§ What to work on
Below are entries with pictures among them; reproduce exactly, and only, the lines from the one containing "- Suite parentale" down to the one containing "철제 침대 더블 1.8m", without the pictures.

§ Excerpted records

= = = = = = =

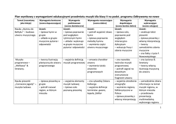 Plan wynikowy z wymaganiami edukacyjnymi przedmiotu muzyki dla klasy V na podst. programu Odkrywamy na nowo Temat (rozumiany jako lekcja) Wymagania konieczne (ocena dopuszczająca) Wymagania podstawowe (ocena dostateczne) Wymagania rozszerzające (ocena dobra) Uczeń: – śpiewa poprawnie pod względem rytmicznym hymn – układa i wykonuje w grupie muzyczne pytania i odpowiedzi Uczeń: – potrafi wyjaśnić słowo hymn – śpiewa poprawnie melodię hymnu – wymienia części utworu muzycznego Nauka „Hymnu do Bałtyku” – budowa utworu muzycznego. Uczeń: – śpiewa hymn w grupie – układa w grupie muzyczne pytania i odpowiedzi Muzyka programowa – „Wełtawa” B. Smetany. – tworzy ilustrację – wyjaśnia definicję – omawia charakter plastyczną do utworu muzyki programowej utworu programowego – wymienia tytuły utworów programowych Nauka piosenki „Czerwone jagody” – muzyka ludowa. – śpiewa piosenkę w grupie – potrafi nazwać region, w którym mieszka – wyjaśnia elementy muzyki ludowej – śpiewa solo poznaną piosenkę – zna sylwetkę Oskara Kolberga – wyjaśnia definicje terminów: gwara, kapela, folklor Wymagania dopełniające (ocena bardzo dobra) Uczeń: – śpiewa solo, poprawnie pod względem intonacyjnodykcyjnym – wskazuje frazy i zdania muzyczne – zna nazwiska twórców muzyki programowej – potrafi zagrać na dowolnym instrumencie fragment utworu – wyjaśnia określenie etnografia – wymienia regiony folklorystyczne w Polsce – śpiewa piosenkę z własną interpretacją Wymagania wykraczające (ocena celująca) Uczeń: – analizuje tekst piosenki – śpiewa piosenkę z własną interpretacją – tworzy samodzielnie zdania muzyczne – zna fakty z życia F. Nowowiejskiego – zna życiorys B. Smetany – tworzy własną ilustrację muzyczną do utworu – samodzielnie zbiera informacje na temat muzyki regionu, w którym mieszka – przedstawia prezentację multimedialną wybranego regionu 1 Poznajemy instrumenty strunowosmyczkowe. – wymienia instrumenty strunowesmyczkowe – zna podział instrumentów strunowych – rozpoznaje barwy dźwięków poszczególnych instrumentów – omawia budowę skrzypiec Pierwiastki narodowe w muzyce Fryderyka Chopina. – maluje ilustracje plastyczną do słuchanych utworów – wymienia tytuły słuchanych utworów Chopina – omawia charakter utworów – zna życiorys Fryderyka Chopina Zabawy z rondem. – rozumie pojęcie ronda muzycznego – wymienia elementy ronda – posługuje się schematem graficznym ronda – wyjaśnia określenie wirtuoz – wymienia nazwiska słynnych kompozytorów i wirtuozów instrumentów strunowosmyczkowych – określa nazwy polskich tańców narodowych w słuchanych utworach – wyjaśnia cytat: „Rodem warszawianin, sercem Polak, a talentem świata obywatel” – układa własne kuplety do podanej melodii – wyjaśnia określenie stylizacja – rozpoznaje tytuły i nazwiska kompozytorów słuchanych utworów na instrumenty strunowosmyczkowe – zauważa motyw piosenki ludowej w słuchanym utworze – rozpoznaje formy muzyczne – tworzy rondo rytmicznomelodyczne 2 Znaki chromatyczne w muzyce. – wymienia znaki chromatyczne – wymienia znaki chromatyczne i omawia ich funkcje – rozwiązuje krzyżówki i rebusy muzyczne – czyta pisownię muzyczną, uwzględniając znaki chromatyczne – omawia różnice pomiędzy znakami chromatycznymi a przykluczowymi – potrafi zagrać na dowolnym instrumencie utwory z dwoma znakami chromatycznymi – nazywa trójdźwięki dur-moll Nauka pieśni „Prząśniczka” Stanisława Moniuszki. – śpiewa piosenkę w grupie – wymienia tytuły słuchanych utworów Stanisława Moniuszki – wykazuje różnice pomiędzy śpiewem a cappella, a śpiewem z akompaniamentem – wyznacza kierunki melodii wznoszącej i opadającej Opera – widowisko muzyczne. – wyjaśnia określenie opera – zna zasady zachowania się w operze – wymienia elementy opery – analizuje tekst piosenki – śpiewa piosenkę z własną interpretacją – wie, co to jest melodia – wskazuje nazwisko twórcy opery narodowej oraz tytuły oper – wyjaśnia określenie uwertura „Cicha noc” – kolędy i pastorałki. – śpiewa piosenkę w grupie – wyjaśnia pojęcie kolędy – potrafi wskazać gmach opery najbliższy jego miejscu zamieszkania – wymienia nazwiska twórców oper i słynnych śpiewaków operowych – omawia różnicę – analizuje tekst pomiędzy kolędą a kolędy pastorałką – śpiewa kolędę z – wykonuje fragment własną interpretacją akompaniamentu do poprawnie pod kolędy „Gdy się Chrystus względem rodzi” intonacyjnorytmicznym – śpiewa fragmenty znanych oper S. Moniuszki – zna libretta oper: „Straszny dwór” i „Halka” – wykonuje akompaniament do kolędy „Gdy się Chrystus rodzi” 3 Nauka piosenki „Płonie ognisko” – rodzaje głosów ludzkich. Instrumentacja utworu „Dzwonki sań”. – śpiewa piosenkę w grupie – potrafi przyjąć właściwą pozę śpiewaczą – wyjaśnia znaczenie określeń: dykcja, intonacja – potrafi podzielić głosy wg klasyfikacji – rozpoznaje rodzaje głosów ludzkich – śpiewa piosenkę w grupie – śpiewa solo piosenkę poprawnie pod względem intonacyjnodykcyjnym – wykonuje w grupie akompaniament do utworu – opracowuje własny pomysł akompaniamentu do utworu „Marzenie” Roberta Schumanna – nastroje w muzyce. Poznajemy instrumenty strunowe-szarpane. – maluje obraz odpowiadający nastrojowi utworu – wymienia instrumenty strunowo-szarpane – wykonuje za nauczycielem prosty układ rytmiczny na instrumentach perkusyjnych – wyjaśnia, od czego zależy charakter i nastrój utworu – charakteryzuje poszczególne instrumenty strunowo-szarpane – wymienia elementy muzyki wpływające na nastrój utworu – rozpoznaje barwy dźwięków poszczególnych instrumentów – omawia budowę gitary – wymienia podstawowe znaki dynam
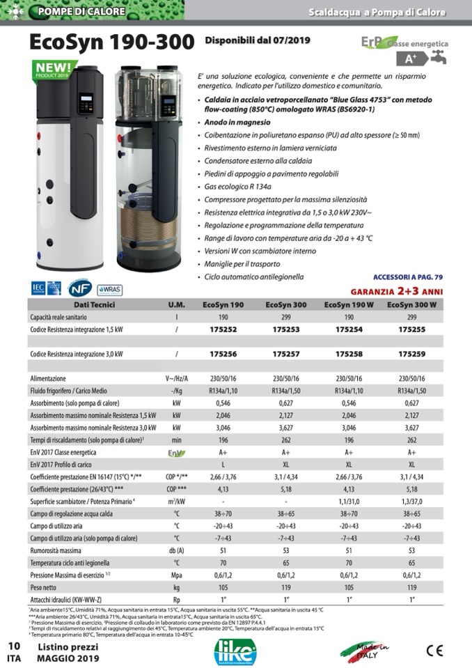 ***Aria ambiente 26/43°C, Umidità 71%, Acqua sanitaria in entrata15°C, Acqua sanitaria in uscita 65°C.
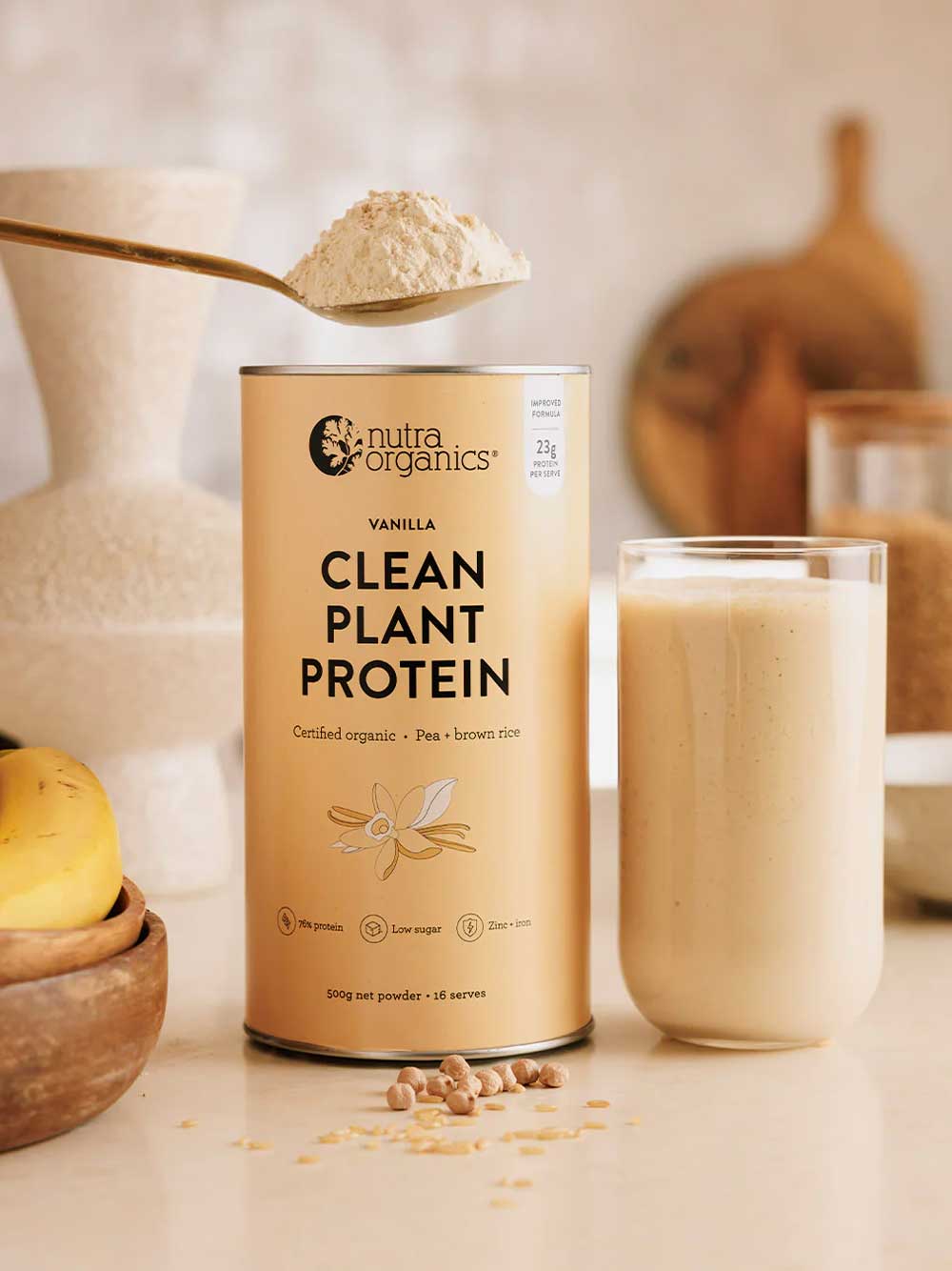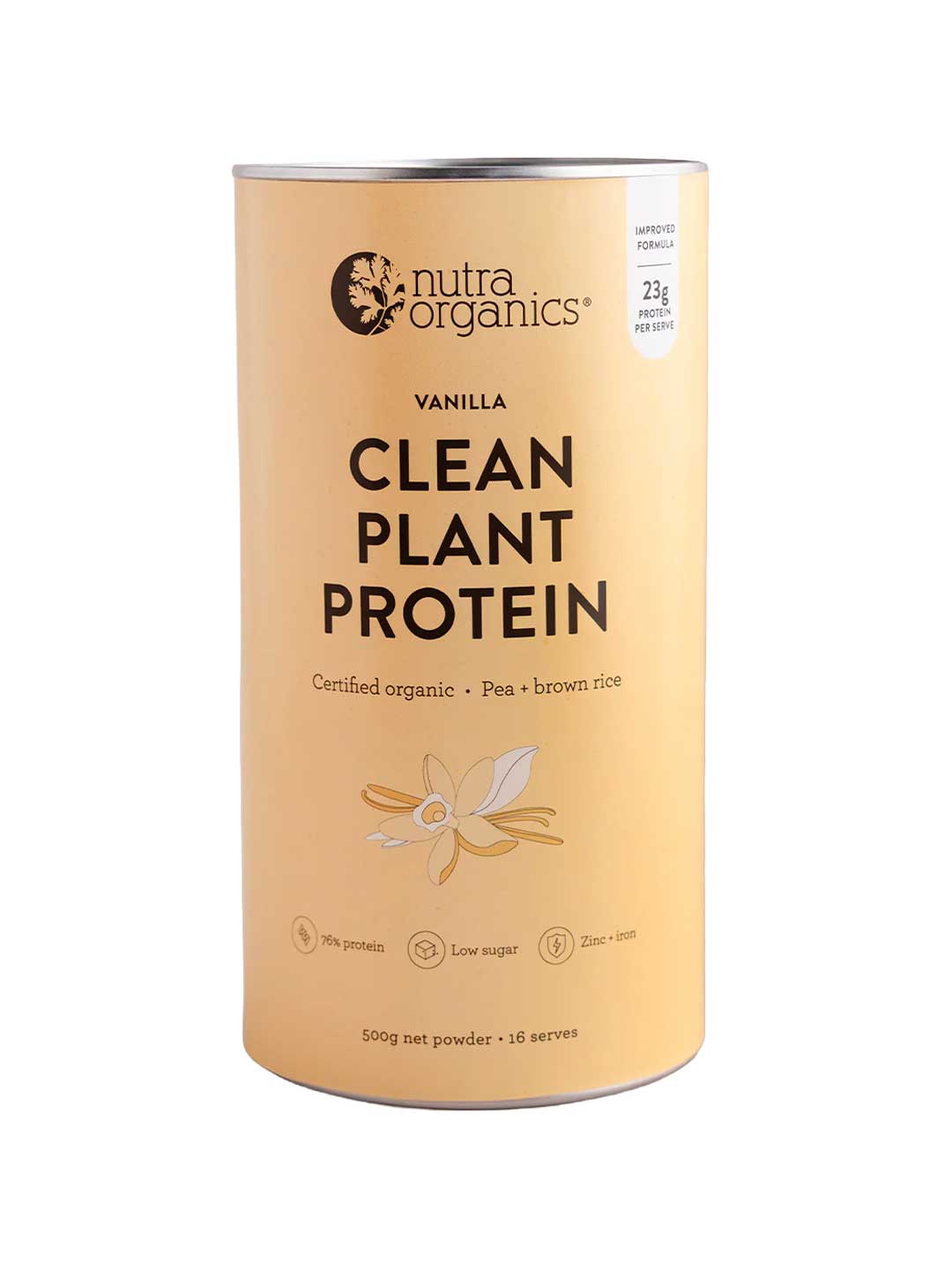 The Nutra Naturals Clean Plant Protein Creamy Vanilla is a delicious, creamy, complete plant protein blend to help you build, tone and repair muscle. Made with the purest certified organic ingredients, this plant protein powder contains hydrolysed smooth pea and brown rice proteins to provide a complete amino acid profile with naturally occurring BCAAs, iron, zinc and phosphorus to support electrolyte balance, recovery, protein synthesis and strength. With 23g protein per serve, this vegan and certified organic plant protein supports muscle building and repair, gut wellbeing and energy for the whole family. A sweet vanilla flavour with a smooth finish.
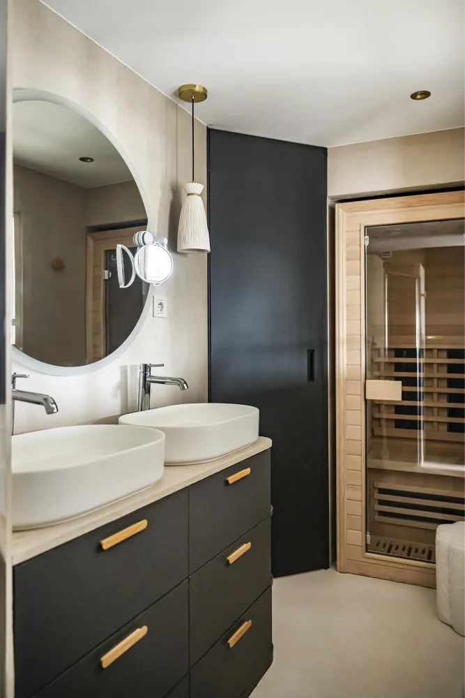 - Suite parentale avec salle de bain, sauna, coin café et rangements optimisés, complétée par une chambre d’appoint avec dressing dissimulé.
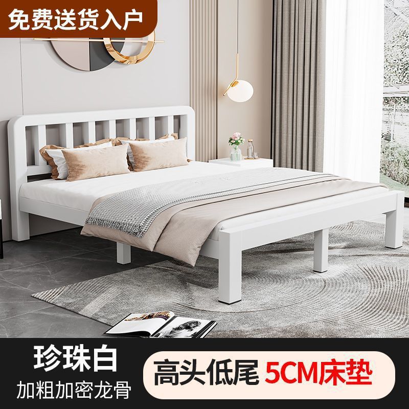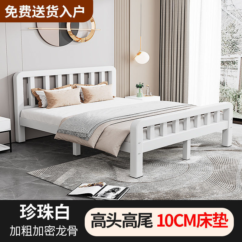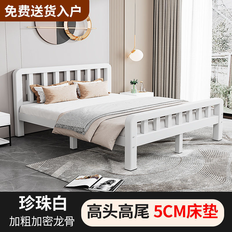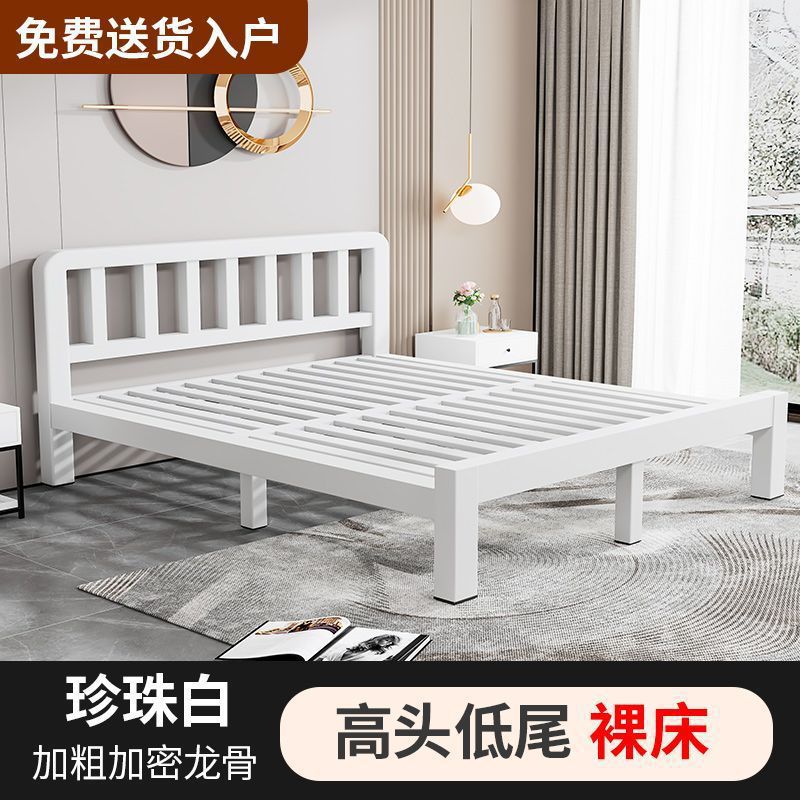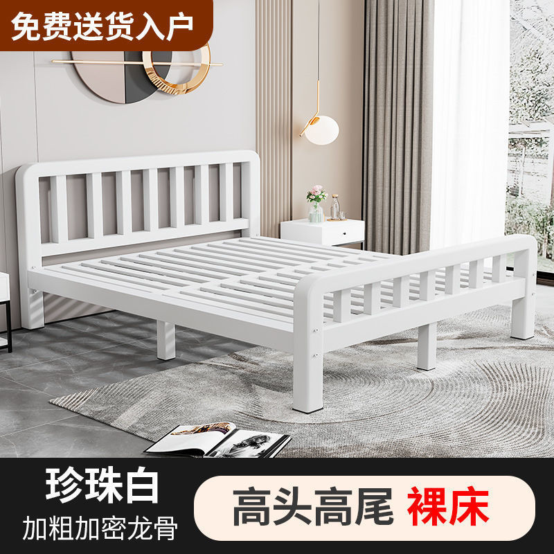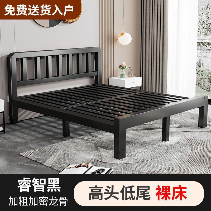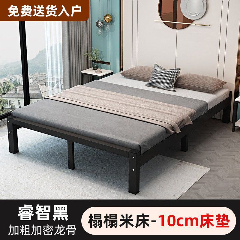 철제 침대 더블 1.8m 현대적인 간단한 스테인레스 스틸 철 강화 두꺼운 싱글 1m 침대 임대 주택 침대 철 프레임스토어 가기
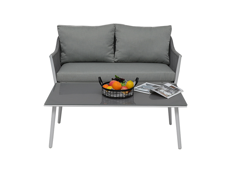 | Erittely | alumiinirunko köydellä kudottu, yhteensä 4kpl; loveseat: L75*L135*K76cm, 1kpl yhden tuoli: L75*L75*K76cm, 2kpl sohvapöytä: L114*L60*K38,5cm, 5mm karkaistu harmaa lasi, 1kpl |
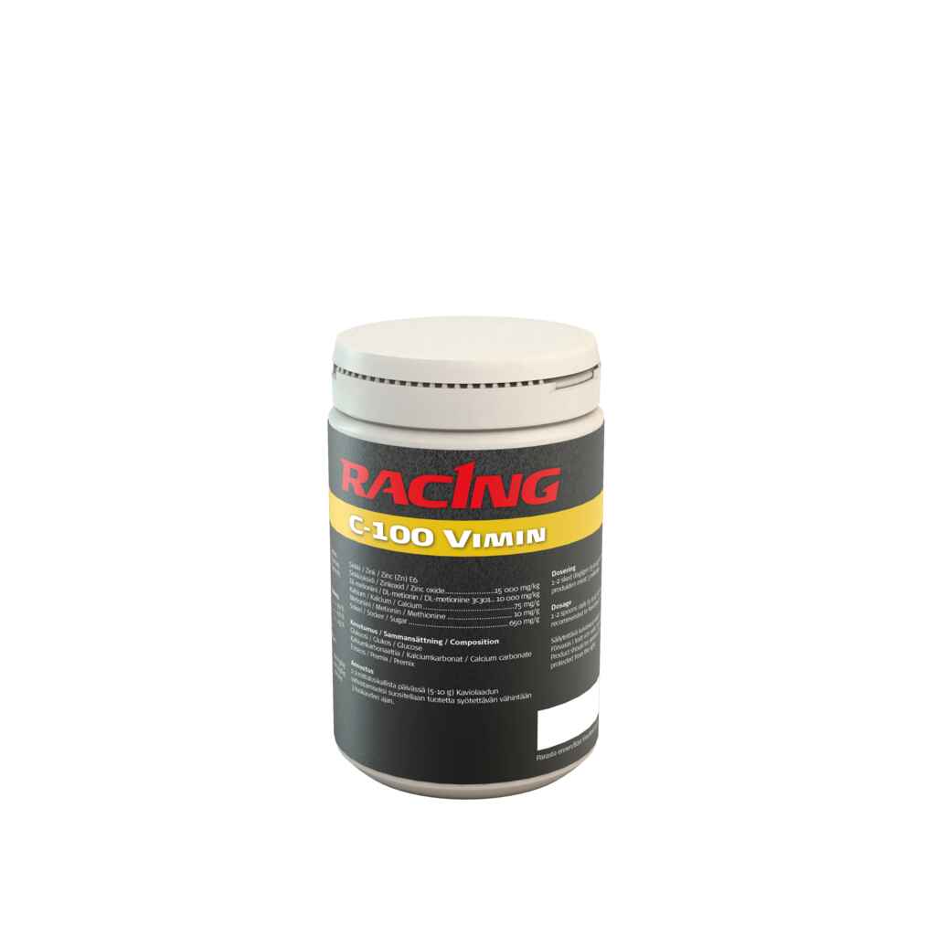 Racing C-100 Vimin on tarkoitettu kaikkien hevosten vitamiinihuoltoon. C-vitamiini vaikuttaa mm. veriarvoihin (raudan imeytymiseen) ja siten hapen aineenvaihduntaan.

= = = = = = =

§ Result of this task
 - Suite parentale avec salle de bain, sauna, coin café et rangements optimisés, complétée par une chambre d’appoint avec dressing dissimulé.
 철제 침대 더블 1.8m 현대적인 간단한 스테인레스 스틸 철 강화 두꺼운 싱글 1m 침대 임대 주택 침대 철 프레임스토어 가기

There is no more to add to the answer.